On the other hand, that's a difficult strategy to undertake.
The 2-ounce "energy shot" pioneered by a brand called Five-Hour Energy is perceived by the consumer as a different category than the 8.3-ounce "energy drink" pioneered by Red Bull, the leading brand. So even though Red Bull has introduced an energy shot, the product is unlikely to overtake the first brand in the mind, Five-Hour Energy shot.
Crispy Gamer: What new brand category do you think has the most promise in videogames? Portable gaming? New ideas (like the Wii)? Digital distribution? Online games such as World of Warcraft? Or something else?
Ries: Ah, that's the rub. It's easy to see that the winner is going to be new and different, but it's extremely difficult to figure out what that should be. I don't think anyone ever predicted that a motion-detecting wand might form the basis of a totally different videogame. That was a stroke of genius.
In general, however, I would say that your best chance for success is a new idea like Wii.

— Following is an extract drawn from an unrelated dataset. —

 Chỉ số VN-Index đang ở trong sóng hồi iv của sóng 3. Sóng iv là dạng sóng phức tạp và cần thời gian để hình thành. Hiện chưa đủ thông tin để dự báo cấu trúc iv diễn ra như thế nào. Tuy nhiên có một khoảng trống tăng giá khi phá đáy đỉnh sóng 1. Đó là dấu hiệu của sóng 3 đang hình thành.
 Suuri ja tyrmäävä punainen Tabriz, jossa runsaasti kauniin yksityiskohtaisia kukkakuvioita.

As far as digital distribution and online games are concerned, they are probably going to get more important. But these are not breakthrough ideas, and the videogame industry is ready for the next breakthrough. I can't wait to see what it might be.

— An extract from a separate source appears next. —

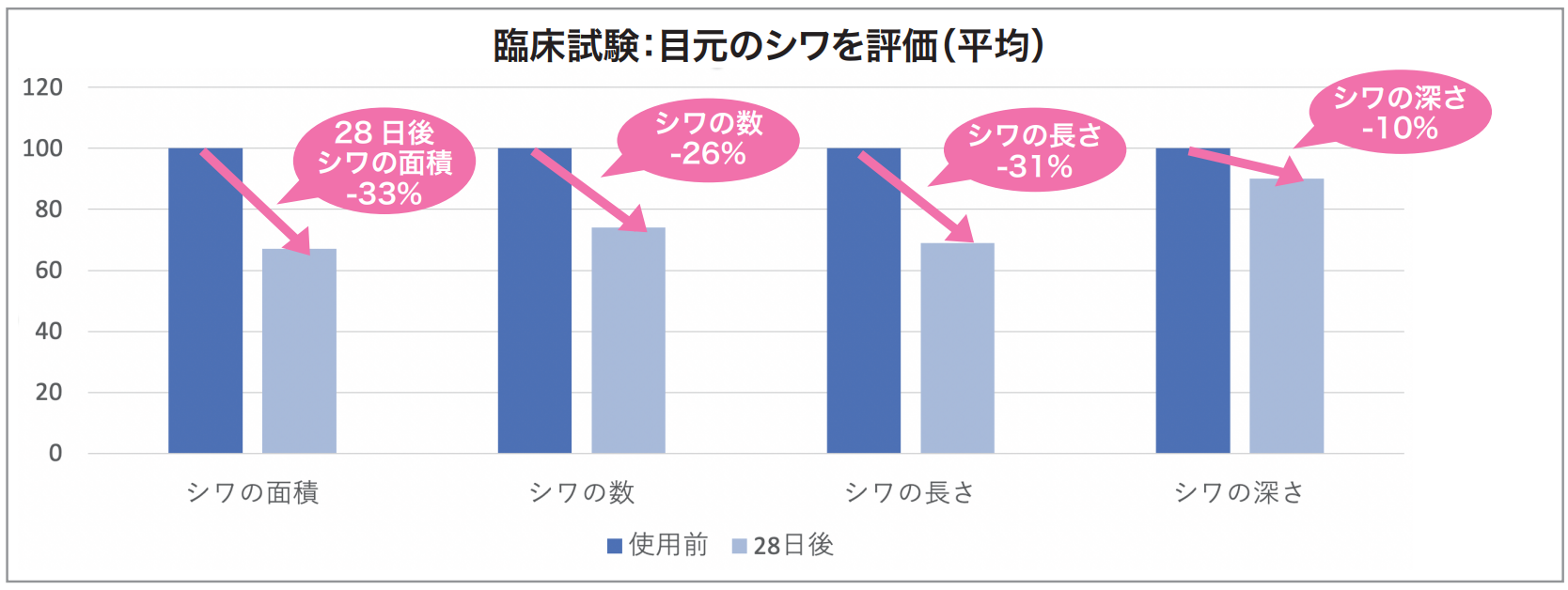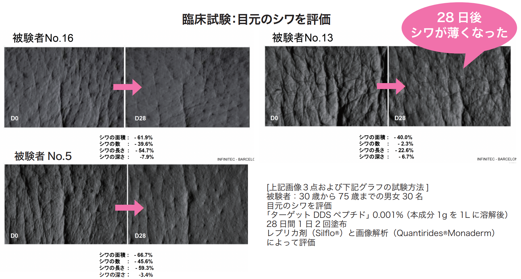 「ターゲットDDSペプチド」を使用したところ、28日で目元のシワの面積・数・長さ・深さの改善が認められました。

Crispy Gamer: What does the videogame industry need to do to grow the current brand categories? As many people that play games now, there are still many more that don't!
Ries: Every industry reaches a point of saturation. The beer industry would really like more people to drink beer. But you know what? In the past 40 years, the percentage of heavy beer drinkers has remained remarkably consistent.

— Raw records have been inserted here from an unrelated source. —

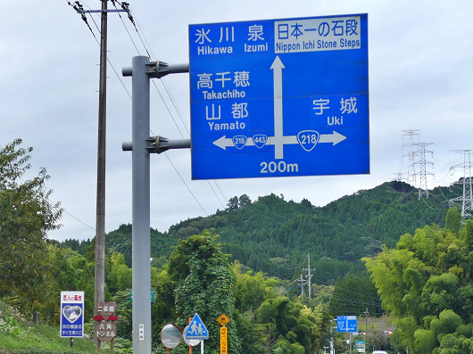 嘉島町のホテルを出発して6㎞ほど進むと国道443号へ出ますが、さらに10㎞ほど進むと甲佐町の中心部を通り過ぎて、頭上にはこの様な標識が見えてきます。ここは昨日訪れた「八角トンネル」への入口で、左下には小さく看板も見えていますが、これから向かうのはここを直進した先にある美里町の「日本一の石段」です。
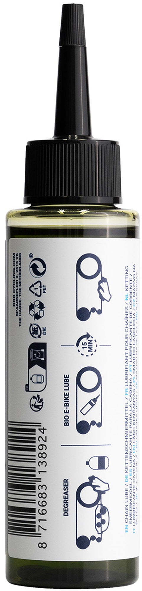BioEbikeLube chain lube is a chain lubricant made with 100% biodegradable and plant-based ingredients. It is a thick lube that is developed for optimal pressure resistance for high-torque E-bike chains. BioEbikeLube reduces friction and offers long-lasting protection against corrosion on your E-bike chain. As a result, the chain attracts less dirt, rotates smoothly, and wears less quickly. It is suitable for all weather types and has an excellent effect under cold and wet conditions.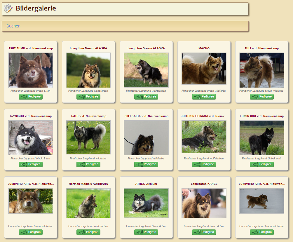 Die Bildergalerie zeigt Bilder der verschiedenen Kategorien in einer Galeriansicht. Verwaltet werden die Bilder über die Bilder und Dokumente im Datenverwaltungsmenü.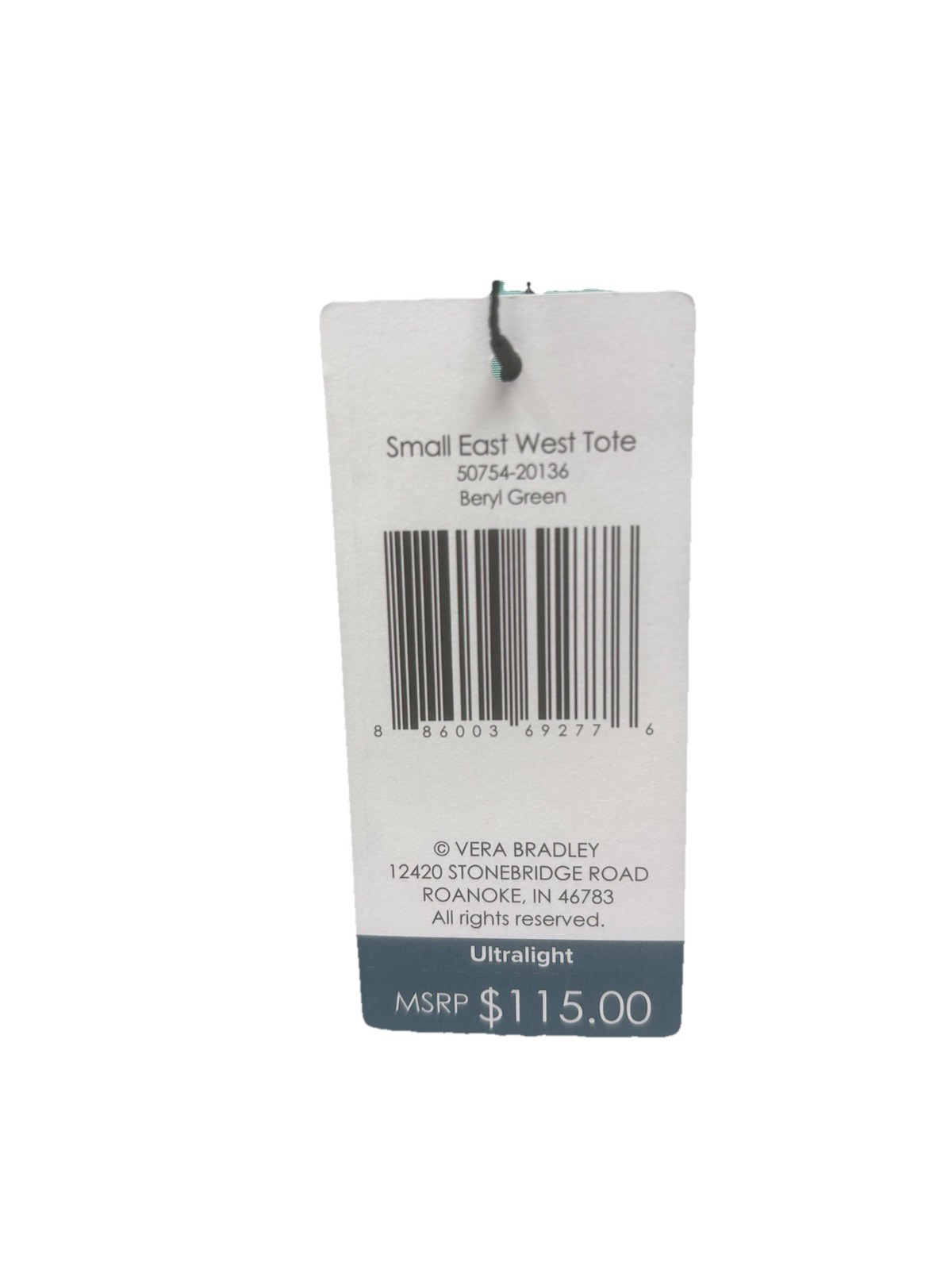 New with tags! Vera Bradley Small East West Tote Beryl Green Quilted

My feeling is that the videogame industry is like the beer industry. The percentage of heavy gamers is probably going to remain pretty constant. That's why you have to attract their attention and their money with new and unique videogame concepts.
It's what the beer industry did with microbrew, (Samuel Adams), Mexican (Corona), lime (Bud Light Lime), white beer (Blue Moon), etc. Are more people drinking beer? No, but the companies that introduced new beer concepts are certainly benefiting from their innovations.
Crispy Gamer: What are the biggest threats to the ongoing health of the videogame business?
Ries: I don't know, but the threats will come from the outside. Midnight basketball?
When I was a kid, every kid I knew spent their entire free time outside playing some sort of sport. Baseball, basketball, football, you name it. Now most of the kids are instead watching television or playing with their Nintendo DS.
It might be nice if someone could invite an exciting concept that took place outdoors and included a great amount of physical exercise. I thought go-kart racing might take off, but it never did. (I used to own one and it was more fun than anything I ever did, except the state of New York made it illegal and we have to drive all the way to New Jersey.)
Crispy Gamer: If Apple really wants to play in the games business, how should it go about it?
Ries: Maybe an iGames replica of iTunes. Stock and sell a vast array of unique and unusual games for a fixed price. (A low fixed price.)
Crispy Gamer: Finally, based on what you can see, who do you see winning in the market as the Wii, PlayStation 3 and Xbox 360 start to transition out?
Ries: I see the three brands drifting along with little changes in their existing market shares. We'll wait for the next round to take place.